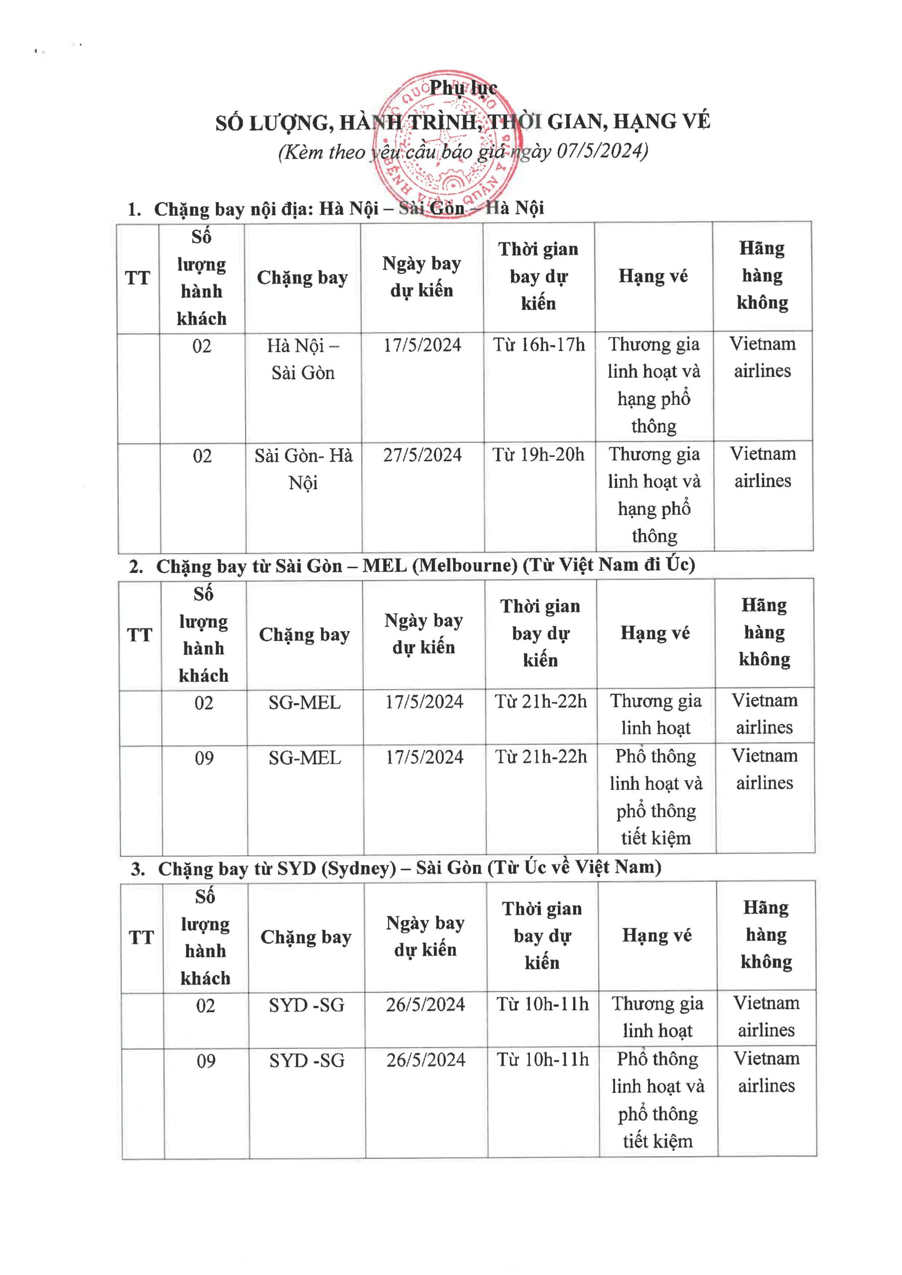 Yêu cầu báo giá cho gói thầu cung cấp vé máy bay cho Đoàn công tác trong tháng 5/2024
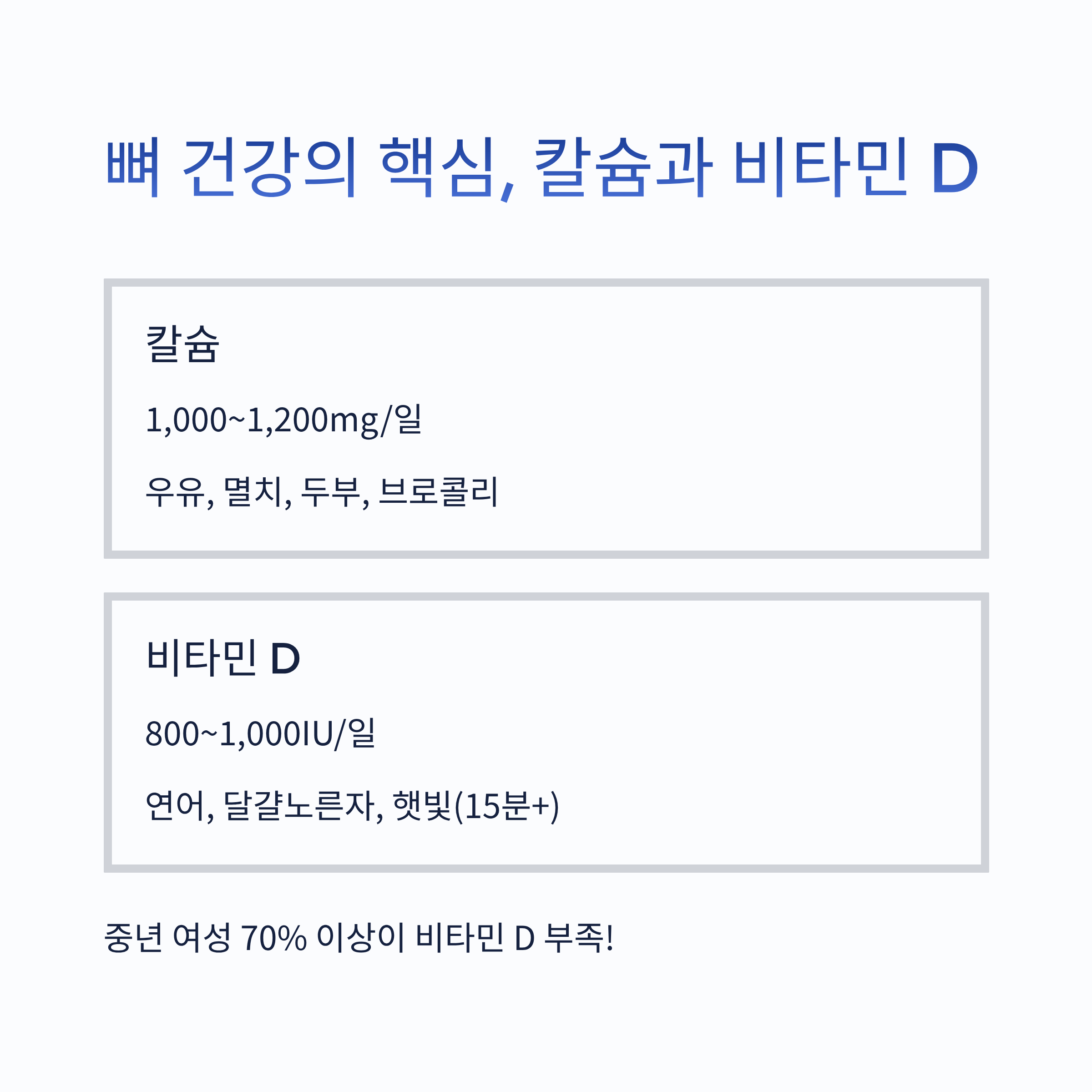뼈 건강하면 제일 먼저 떠오르는 영양소가 바로 칼슘과 비타민 D죠. 칼슘은 뼈의 주성분이고, 비타민 D는 칼슘이 몸에 잘 흡수되도록 도와주는 조력자 역할을 해요. 그런데 우리나라 중년 여성의 70% 이상이 비타민 D가 부족하다는 사실, 알고 계셨나요? 햇빛을 잘 안 쬐거나 외출이 적은 생활습관 때문이에요. 특히 겨울철엔 더더욱 심하죠.
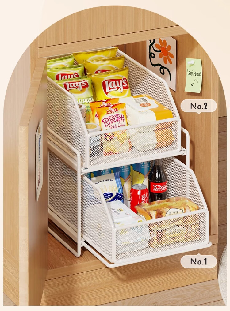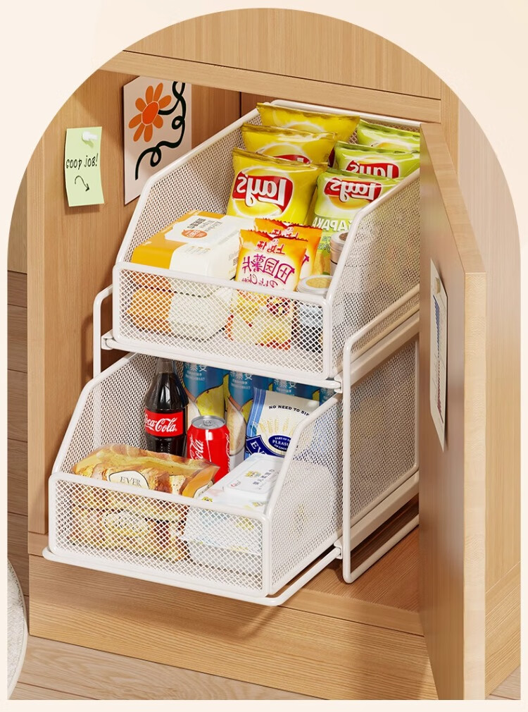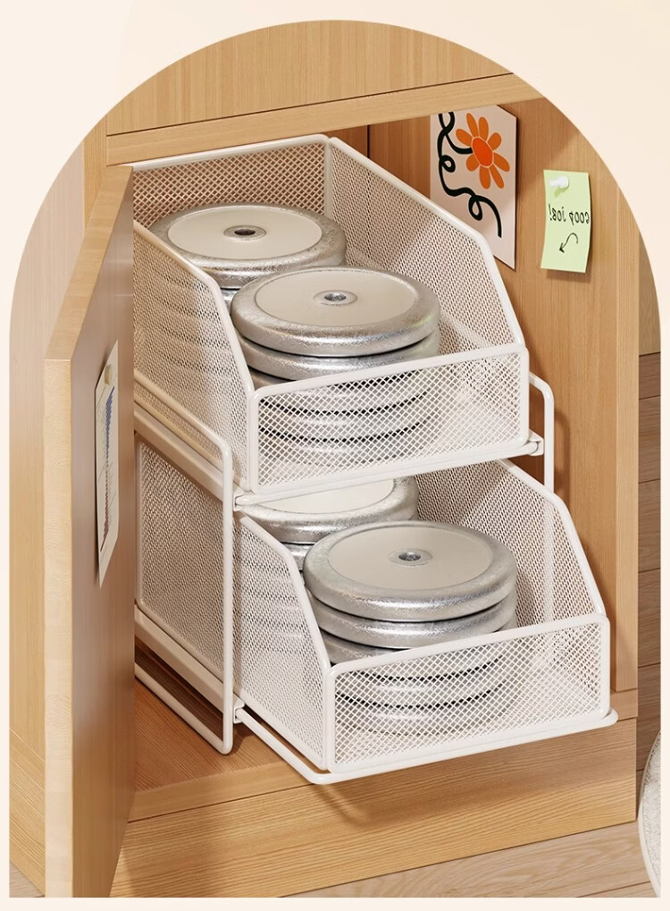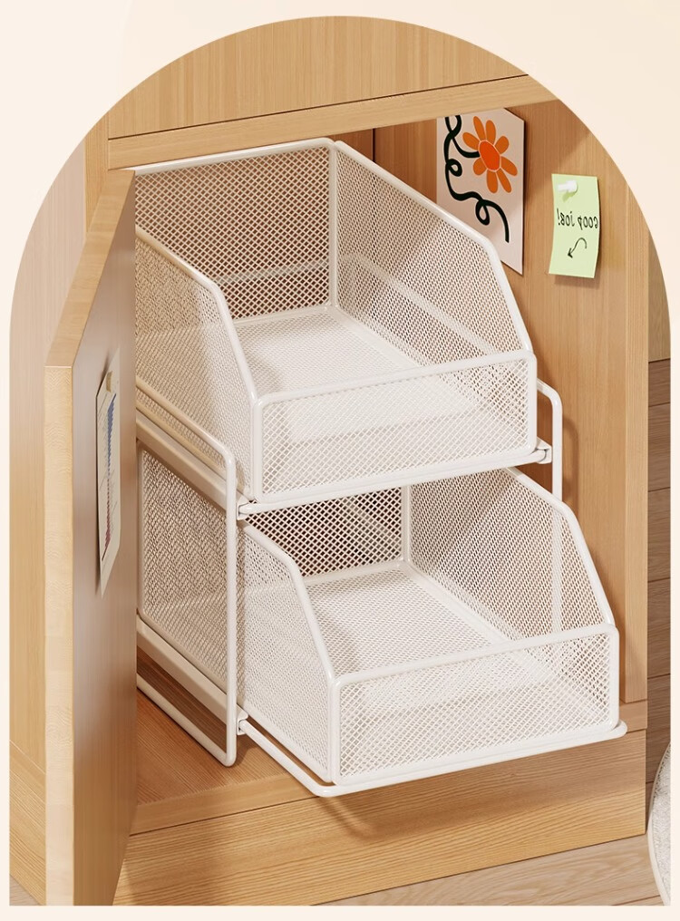 尔思家下水槽置物架浴室柜下抽拉式橱柜收纳盒多层储物分层架宿舍零食架 典雅黑三层【密网款】

○ ○ ○ ○

- [ABOUT THIS EXERCISE]
Reproduce, with the pictures omitted, exactly those lines that run from the line with "뼈 건강하면 제일 먼저" to the last line of the material, both ends included.

- [THE ANSWER]
뼈 건강하면 제일 먼저 떠오르는 영양소가 바로 칼슘과 비타민 D죠. 칼슘은 뼈의 주성분이고, 비타민 D는 칼슘이 몸에 잘 흡수되도록 도와주는 조력자 역할을 해요. 그런데 우리나라 중년 여성의 70% 이상이 비타민 D가 부족하다는 사실, 알고 계셨나요? 햇빛을 잘 안 쬐거나 외출이 적은 생활습관 때문이에요. 특히 겨울철엔 더더욱 심하죠.
 尔思家下水槽置物架浴室柜下抽拉式橱柜收纳盒多层储物分层架宿舍零食架 典雅黑三层【密网款】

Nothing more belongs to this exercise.